Helena Arizmendi (1927–2015), sometimes featured as Elena Arizmendi, was an Argentinian operatic soprano. A student of Maria Barrientos, she made her début in 1945 in Buenos Aires at the Teatro Colón where in 1948 she partnered Beniamino Gigli as Mimi in La Bohème. She was highly acclaimed for her performances in Italy which included La Scala. In 1989 she received the Konex Award.

Biography
Born in Avellaneda on 15 April 1924, as a child Helena Arizmendi began singing popular songs with her mother while living in La Plata where her father was employed. She attended the Colegio de la Misericordia in Buenos Aires where she was a soloist in the choir.

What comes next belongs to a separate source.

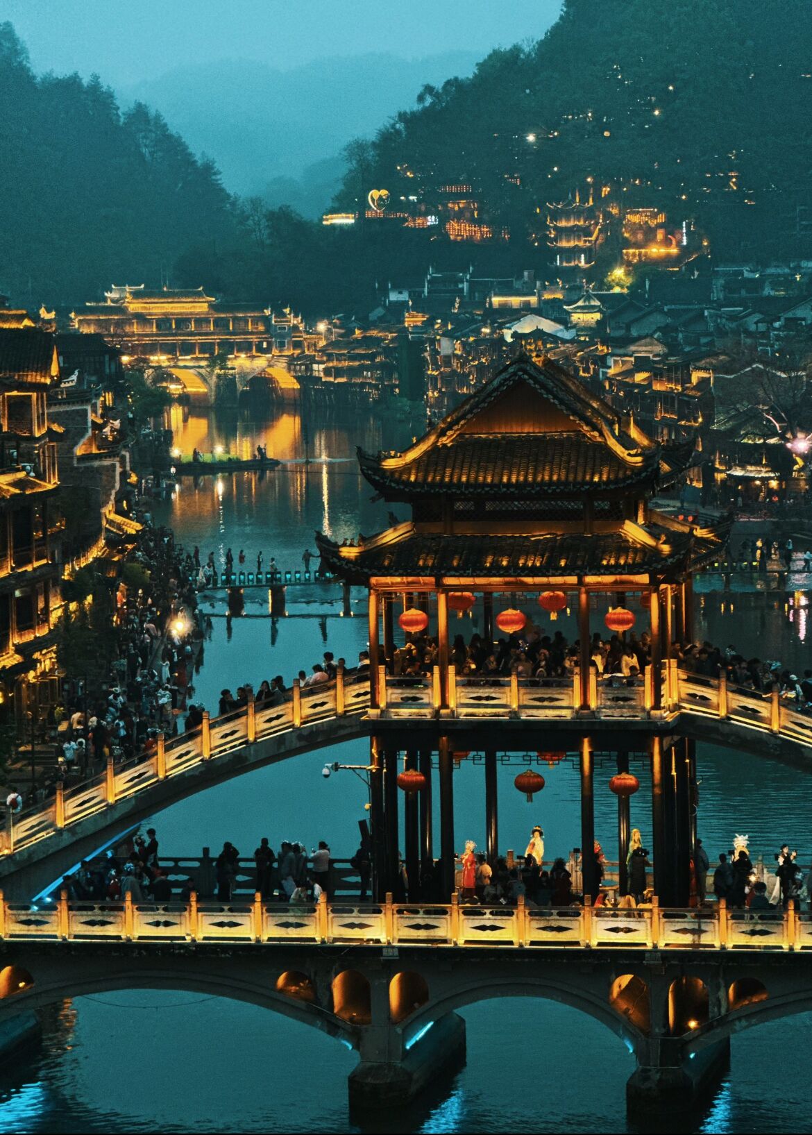 乘车赴【天门山国家森林公园】,乘高山客运索道(长7.5公里),走玻璃栈道,远观鬼谷洞;拜求儿洞;游天界佛国天门山寺;乘观光汽车体验公路奇观“99弯通天大道”的奇绝;登999级天梯或乘扶梯至天然穿山溶洞“天门洞”体验自然造化的神奇和震撼。下午乘车赴湘西,游览挂在瀑布上的土家第一镇-【芙蓉镇】(电瓶车28元/人自理),该镇美誉为:“中国历史文化名镇”、“挂在瀑布上的千年古镇”、“中国十大美丽乡镇之一”“土家之源、土家之都”、“最朴实最美妙的影视拍摄基地”,后赴凤凰入住酒店,可自由欣赏凤凰夜景。

In 1944, thanks to her good looks and composure, she was given a small singing part in Gólgota, a drama inspired by the Hungarian artist Lajos Vadja. Her talents were noticed by the celebrated Spanish soprano María Barrientos who took her in as a student until her death in August 1946. Thereafter she continued training under Luigi Ricci until she was able to attend the Teatro Colón opera school.

Arizmendi first sang at the Teatro Colón in 1945 in Gluck's Armida but her official début was in 1948 as Mimi in La Bohème, together with Gigli as Rodolfo. She went on to enjoy a highly successful career at the Colón in roles including Liu in Turandot partnering Maria Callas, Marguerite in Faust, Euridice in Orfeo ed Euridice and Rosaura in Le donne curiose.

In the early 1950s she sang in Italy, appearing at La Scala in the 1951–52 season as Serpina in Pergolesi's La serva padrona and as Susanna in Ermanno Wolf-Ferrari's Il segreto di Susanna.

Her recordings include her interpreting Mimi with Gigli in La Bohème and with Maria Callas and Mario del Monaco in Turandot.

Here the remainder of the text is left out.